I used it for a workbench and eventually parked a drill press on it, and then when I picked up an old Craftsman jointer on a rickety wooden stand, I hatched a plan to convert the desk into to a multi-tool work station, by dropping the top at one end 6" (eliminating the shallow drawer) and then pulling the file drawer under that and mounting the motor in the cavity.

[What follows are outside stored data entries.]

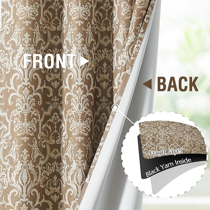 jinchan Room Darkening Curtains for Bedroom Brown Damask Patterned Curtains 63 Inch Length for Living Room Linen Textured Vintage Drapes Medallion Window Treatments Grommet Top 2 Panels Set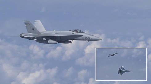 Máy bay chiến đấu F-18 Tây Ban Nha áp sát chuyên cơ chở ông Shoigu trên biển Baltic tháng 8/2019. Nguồn: Ifeng. |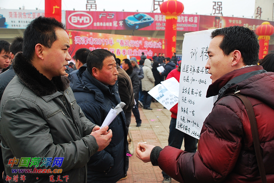 “年满18周岁,无需工作经验”、“月薪1500元加提成”、“包食宿,工资面议”……在2月10日的市人力资源市场和2月11日的全市2011“春风行动”启动仪式暨牡丹区春季就业招聘会上,人流熙来攘往,吆喝声此起彼伏。然而,在数以千计的人流量中,招工者的热情与应聘者的冷淡却形成了鲜明对比。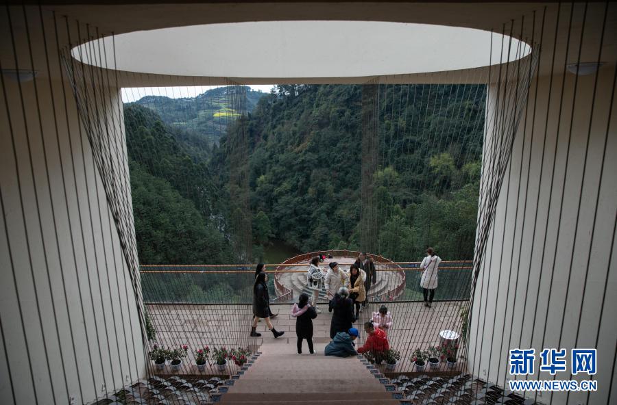 3月1日,游客在幸福古村的觀景平臺賞景。新華社記者 江宏景 攝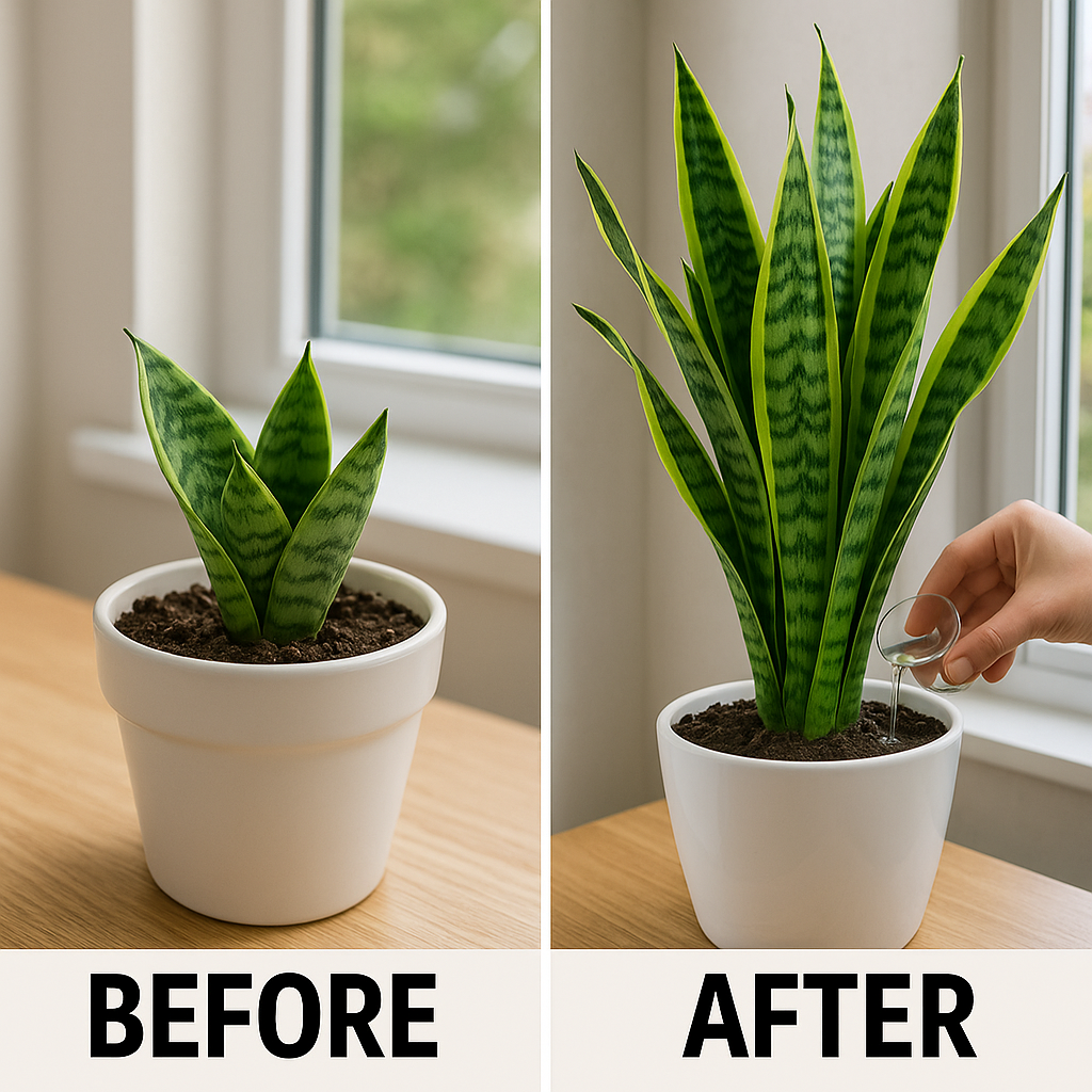 If your snake plant looks small, slow, or stuck in growth, you’re about to discover a simple liquid feeding trick that can transform it into a tall, lush showpiece in just a few months. Snake plants are known as tough indoor plants, but they still need the right nutrients to reach their full potential. This gentle growth-boosting formula improves root development, strengthens leaves, and encourages faster vertical growth without stressing the plant.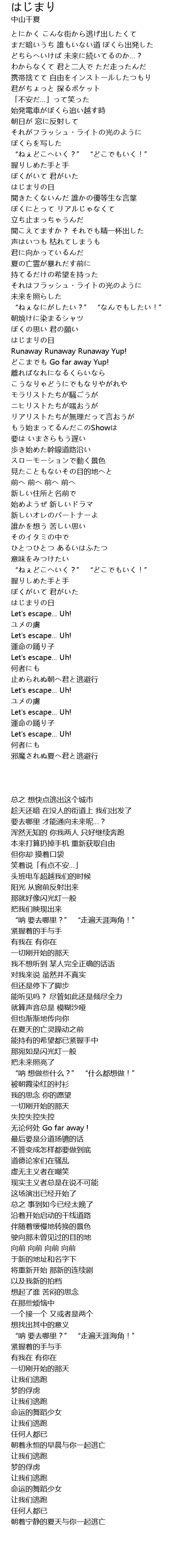 | [04:00.250] | 止められぬ朝へ君と逃避行 |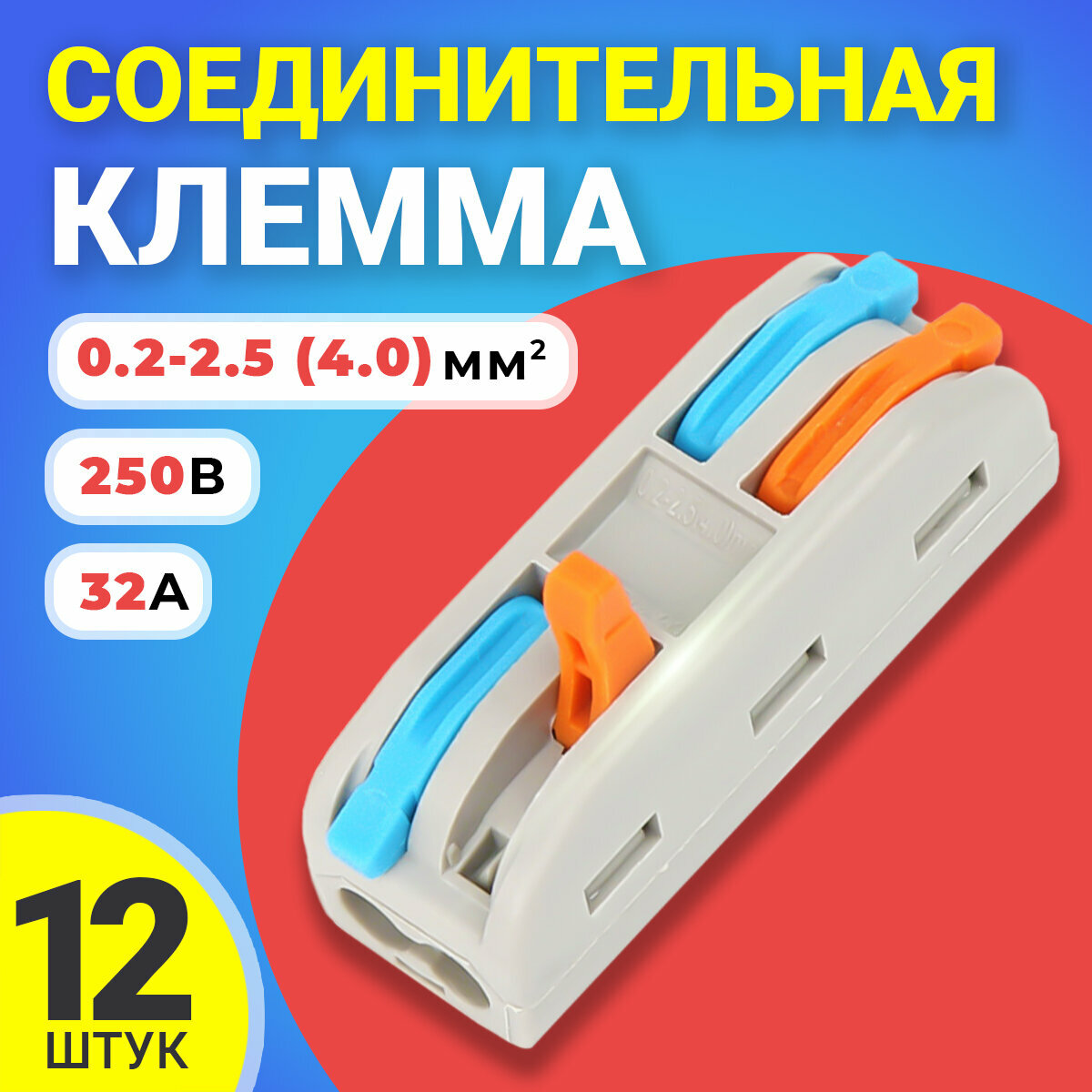Клемма для проводов соединительная РСТ-2-2 клеммник проходной быстросъемный колодка клеммная на 4 контакта, 12 штук (Серый) интересное: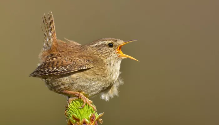 A tiny, brown bird with a short, cocked tail and a loud voice, the wren is unmistakable.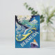 Bermuda Postkarte. Blumendesign einer schönen Meerjungfrau auf der Insel, und ein kommendes Boot.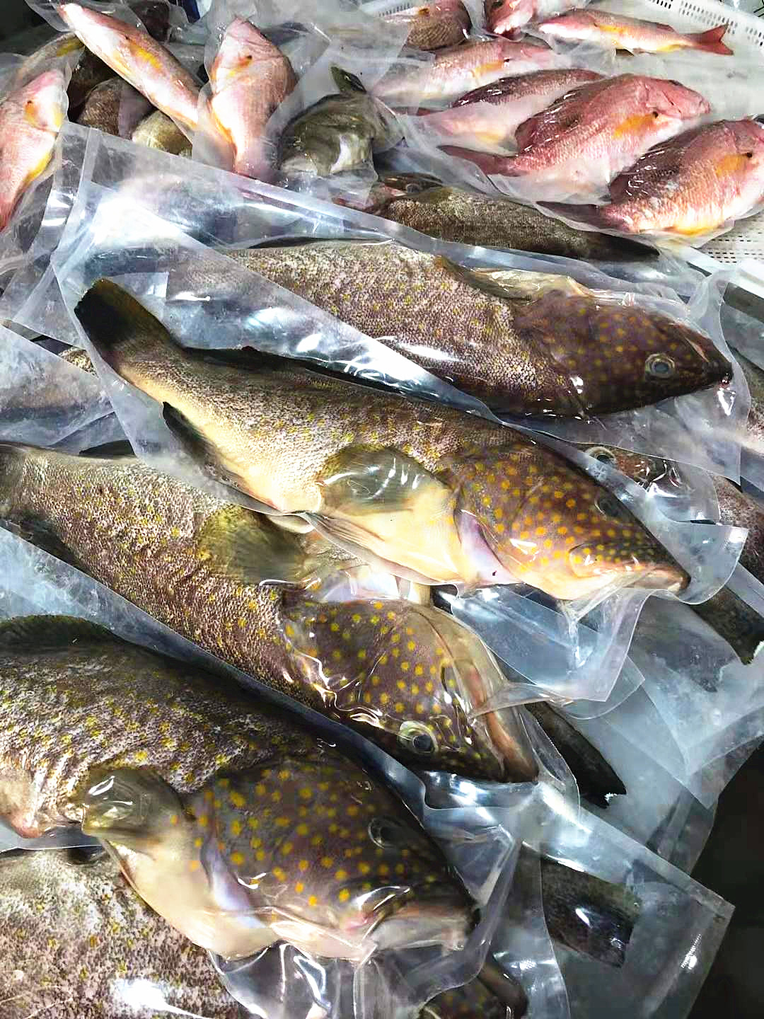 各种已作真空包装的天然野生海鲜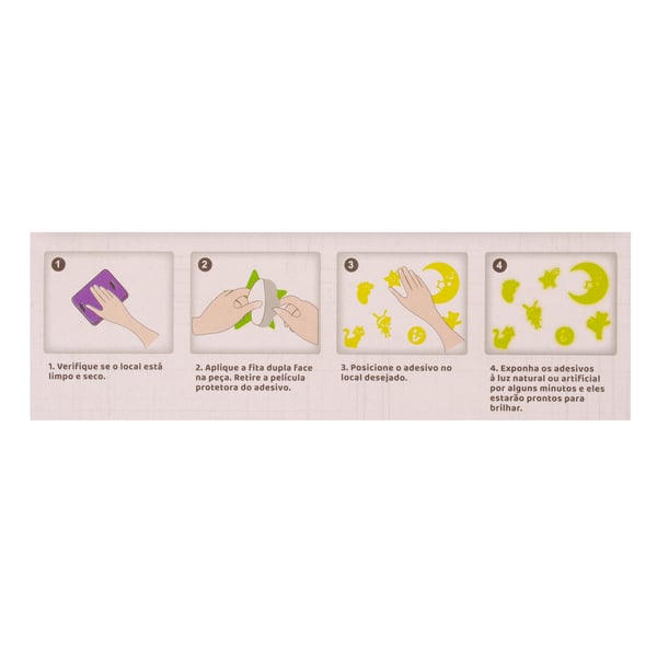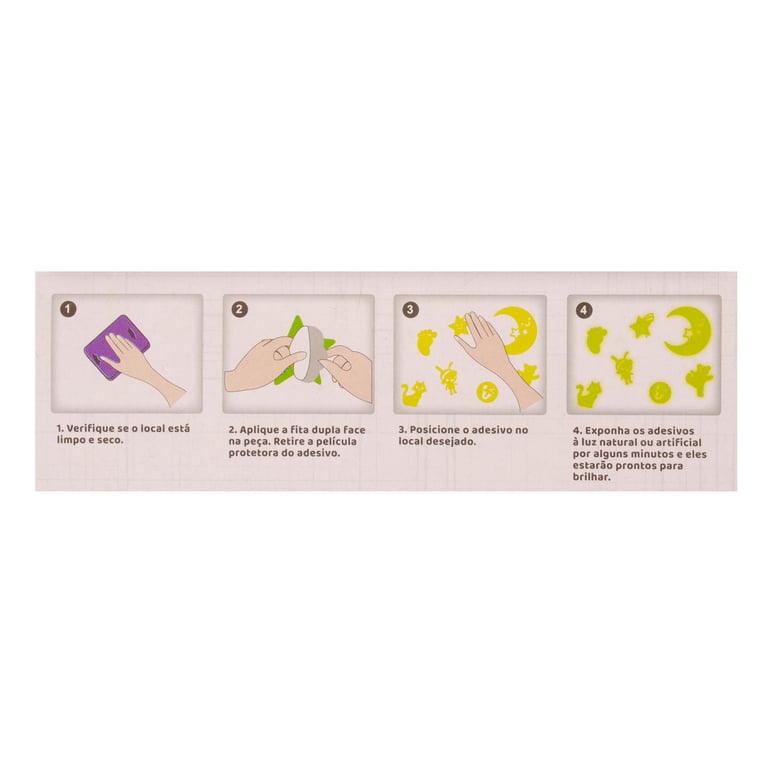 DEIXAR O ADESIVO EXPOSTO À LUZ E DEPOIS DE ALGUNS MINUTOS ELES ESTARÃO PRONTOS PARA BRILHAR. ACOMPANHA FITA DUPLA FACE PARA FIXAÇÃO.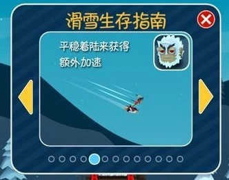 时刻注意后方雪崩的距离。游戏过程中我们需要不断关注后方的雪崩,雪崩距离远近可以从左上方的标志中看出。如果距离很远,标志会很小或者就不会显示,如果雪崩距离很近时,图标便会显得很大,而且略带抖动。

When I cross cut the top, my heart sank…... it was a solid walnut desk :^(

I was depressed for a month.


----------



## RussellAP (Feb 21, 2012)

Oh God.


----------



## gfadvm (Jan 13, 2011)

Wormil, I used MW dark walnut and it darkened the heartwood but barely darkened the sapwood .


----------



## wormil (Nov 19, 2011)

@gfadvm, I had no trouble using an oil based stain, turned a sickly yellow sapwood into a nice chocolate brown, forget which brand but it wasn't MW.


----------



## Henry6 (Nov 6, 2012)

Walnut is such a great looking surface to begin with. A clear stain would be a good option to protect the wood without damaging it in the future. Make sure that the stain you choose is compatible with the surface though, so when you are purchasing the finish or stain ask the specialist which is best for your surface. You may want to check out a product from Storm System they have great finishes for wood surfaces indoor and outdoor.


----------



## MashMaster (Feb 12, 2011)

Holy cow, that chair is fantastic. I'm going to go through out all my tools now. I'm not worthy.

I'm currently working on my first Walnut project (country kitchen table). What finish would you suggest for that? Something water repellant


----------